Radio Golf is a timely and important play for the very reason that, on one level, it asks overt, political questions. How does a person deal with the demands of capitalistic success while remaining true to their past and their family? Why does success for some mean displacement, loss, and failure for others? But in addition to these more obvious questions, the play also asks us to consider large philosophical puzzles like, how do our ancestors live in our daily motions and interactions? Why does the past matter, so urgently, in a face-paced, modern world? And what does success really look like, if we take away the provocation and prodding of capitalism?

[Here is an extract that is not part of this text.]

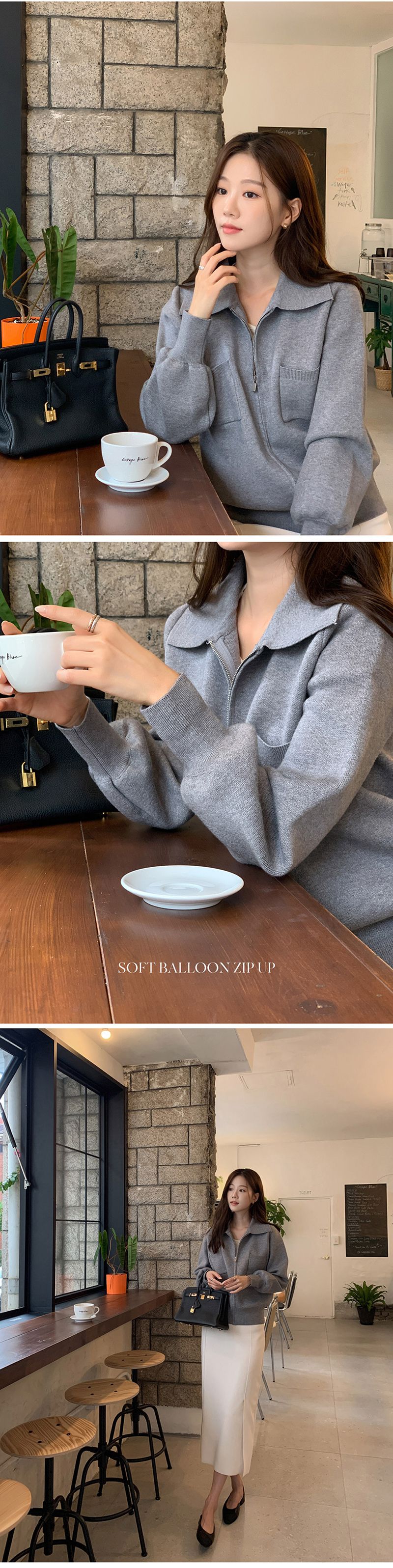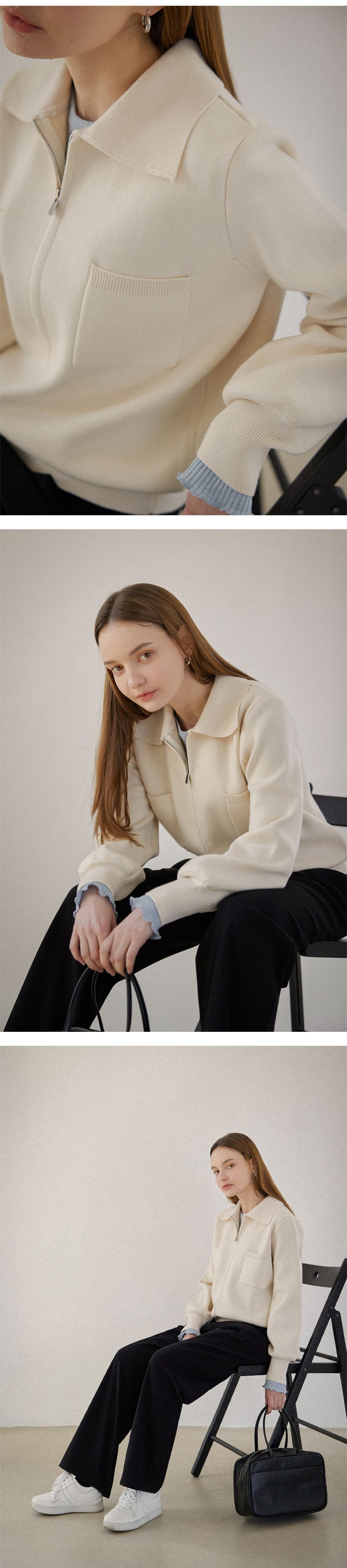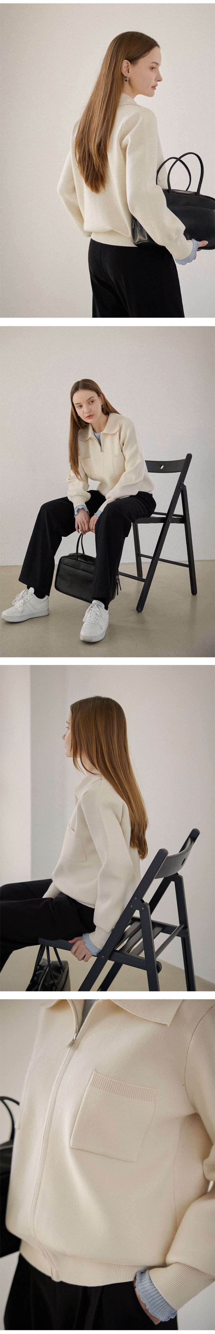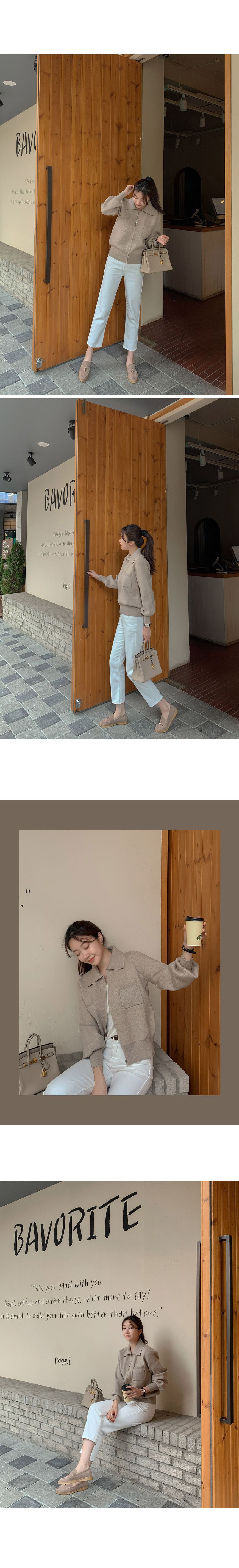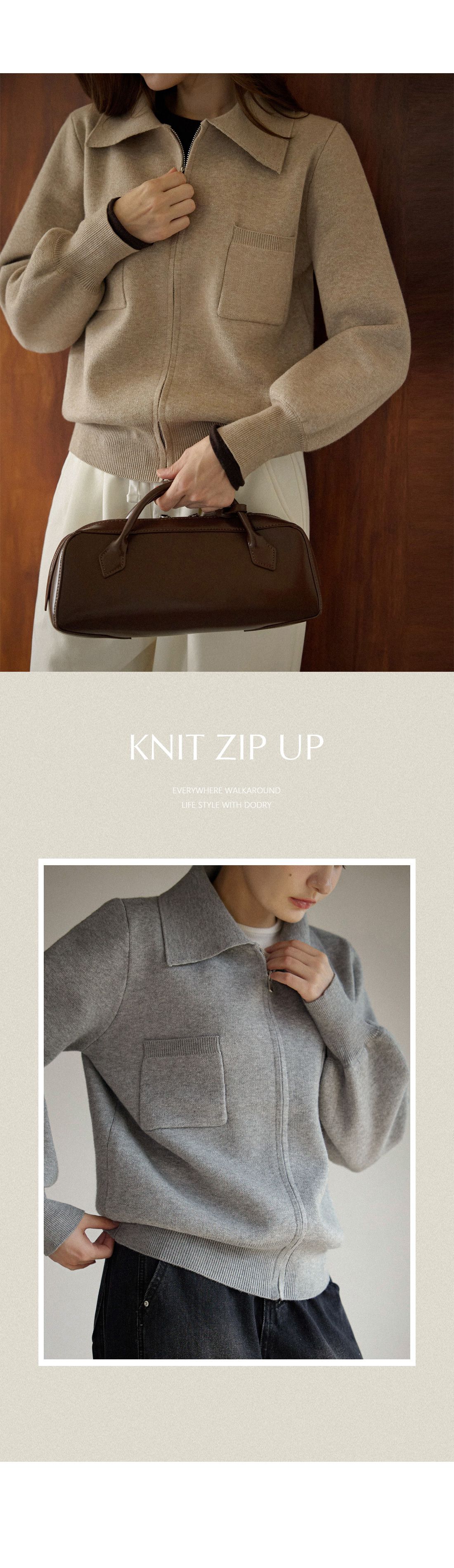 【C55662】韓國DDR 厚實針織外套-翻領素面雙口袋長袖拉鍊外套

This production features the exciting, artistic reunion of director Jude Sandy and actor Joe Wilson Jr., the perfect Trinity Rep artists to bring this play and this playwright back to our stage. And we are also delighted to welcome Ricardo Pitts-Wiley back to Trinity Rep after a long absence. He is a venerable and powerful force in Rhode Island theater, a long-time collaborator and friend, and we are lucky to have him back with us on this journey.

Enjoy Radio Golf. I look forward to talking with you about the show and this amazing playwright, and to seeing you at the theater.